Soft Banacle

Fabrication

2025

This study focuses on the role of materials and construction in the architectural pursuit of sustainability, examining how material and structural innovations throughout architectural history have generated new paradigms, while exploring the potential of lightweight and flexible materials. As a follow-up to previous research on active-elastic structures, the study investigates the material and constructional development of active-elastic surface techniques using large continuous-fiber composites. In particular, it explores the possibility of expanding one of the three architectural archetypes—the column—as a primordial architectural element through the fabrication of a prototype.
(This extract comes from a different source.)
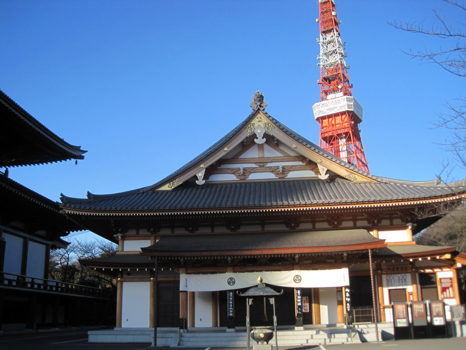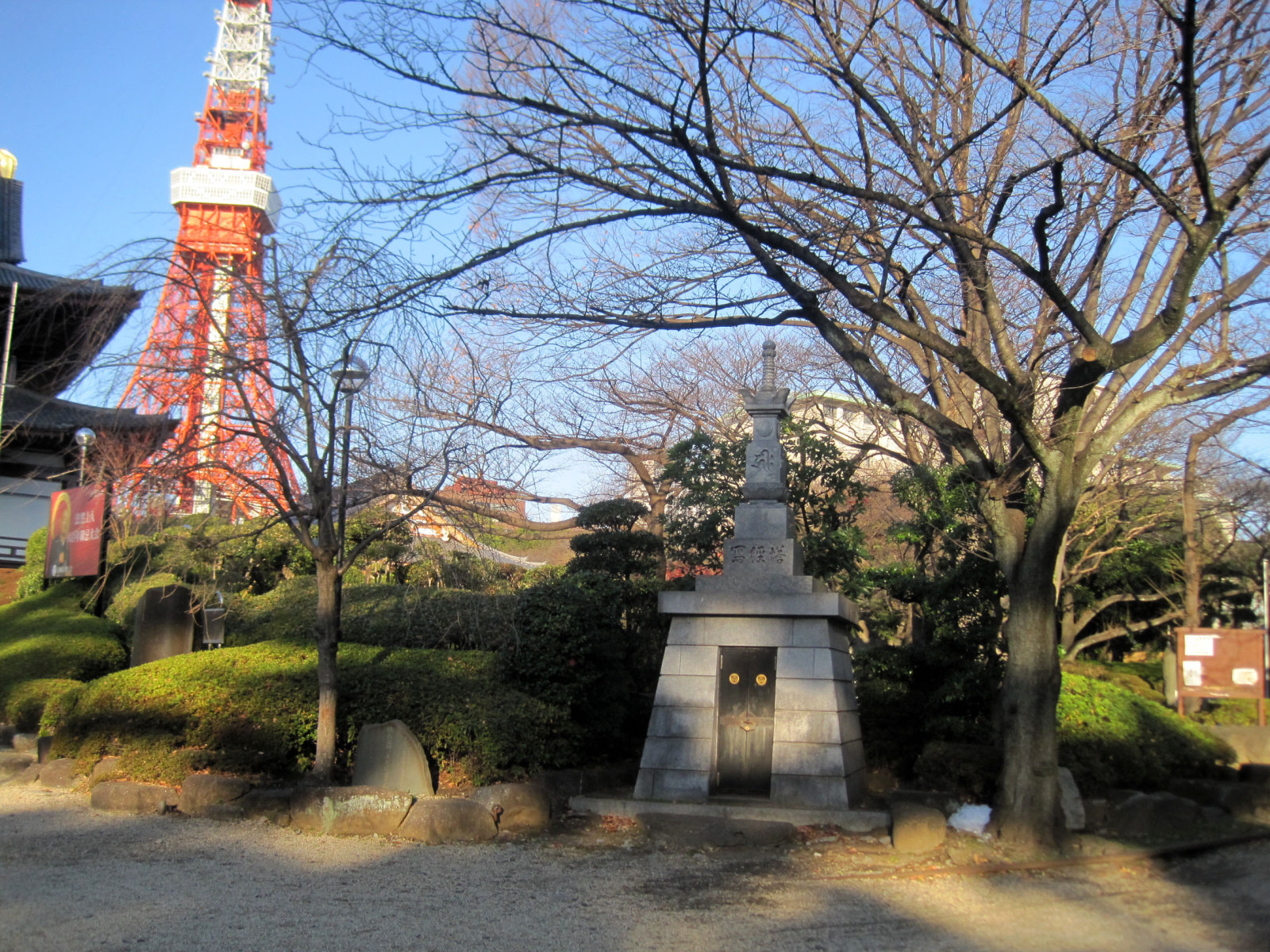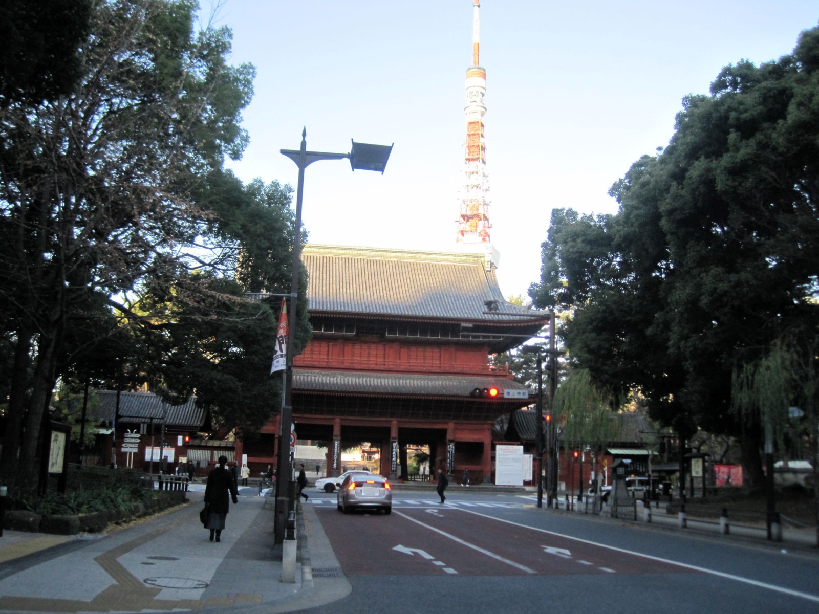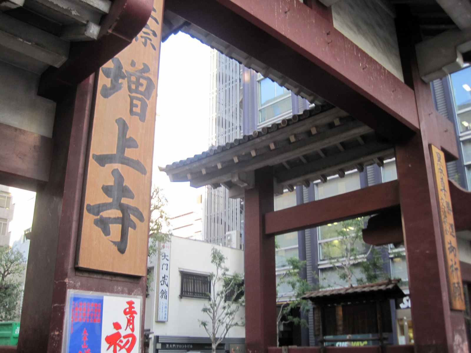 増上寺【空海の弟子・宗叡が武蔵国貝塚(今の千代田区麹町・紀尾井町あたり)に建立した光明寺が増上寺の前身だという。その後、室町時代の明徳4年(1393年)、酉誉聖聡(ゆうよしょうそう)の時、真言宗から浄土宗に改宗した。この聖聡が、実質上の開基といえる。中世以降、徳川家の菩提寺となるまでの歴史は必ずしも明らかでないが、通説では天正18年(1590年)、徳川家康が江戸入府の折、たまたま増上寺の前を通りかかり、源誉存応上人と対面したのが菩提寺となるきっかけだったという。貝塚から、一時日比谷へ移った増上寺は、江戸城の拡張に伴い、慶長3年(1598年)、家康によって現在地の芝へ移された。風水学的には、寛永寺を江戸の鬼門である上野に配し、裏鬼門の芝の抑えに増上寺を移したものと考えられる。また、徳川家の菩提寺であるとともに、檀林(学問所及び養成所)がおかれ、関東十八檀林の筆頭となった。なお、延宝8年(1680年)6月24日に行われた将軍徳川家綱の法要の際、奉行の一人で志摩国鳥羽藩主内藤忠勝が、同じ奉行の一人で丹後国宮津藩主永井尚長に斬りつけるという刃傷事件を起こしている(芝増上寺の刃傷事件)。なお水戸黄門第17部においては、この一件が水戸光圀の旅立ちのきっかけとして描かれている。また元禄14年(1701年)3月に江戸下向した勅使が増上寺を参詣するのをめぐって畳替えをしなければならないところ、高家の吉良義央が勅使饗応役の浅野長矩に畳替えの必要性を教えず、これが3月14日の殿中刃傷の引き金になったという逸話が『忠臣蔵』で有名である。なお、長矩は内藤忠勝の甥である。明治時代には半官半民の神仏共同教導職養成機関である大教院の本部となり大教院神殿が置かれた。のち明治7年(1874年)1月1日排仏主義者により放火される。徳川幕府の崩壊、明治維新後の神仏分離の影響により規模は縮小し、境内の広範囲が芝公園となる。太平洋戦争中の空襲によって徳川家霊廟、五重塔をはじめとした遺構を失う大きな被害を受けた。東京タワーの建設時、増上寺は墓地の一部を土地として提供している。なお、この付近の町名(芝大門)や地下鉄の駅名(大門駅)に使われている「大門」(だいもん)は、増上寺の総門のことを指す。現在の総門は昭和12年に作られた、コンクリート造のものである。】ということです。

To enable a continuous-fiber composite of approximately 1.5 mm thickness to function as a vertical load-bearing member, the study derives a new geometric configuration termed the Multi-Vertex Conical Shell. This configuration is developed and validated through a multilayered process comprising material property investigation, geometric construction, optimization and structural verification, and fabrication, all grounded in a material-based computational design methodology. Digital simulations and physical prototyping were employed to substantiate its performance.

Architectural structures realized with lightweight and flexible materials significantly reduce environmental impact across their entire life cycle—including fabrication, processing, transportation, assembly, disassembly, and reuse—compared with traditional building materials. Through the exploration of materials and construction, this study aims to propose adaptable architectural typologies that respond to rapidly evolving societal needs, thereby establishing a foundation for pioneering new architectural paradigms.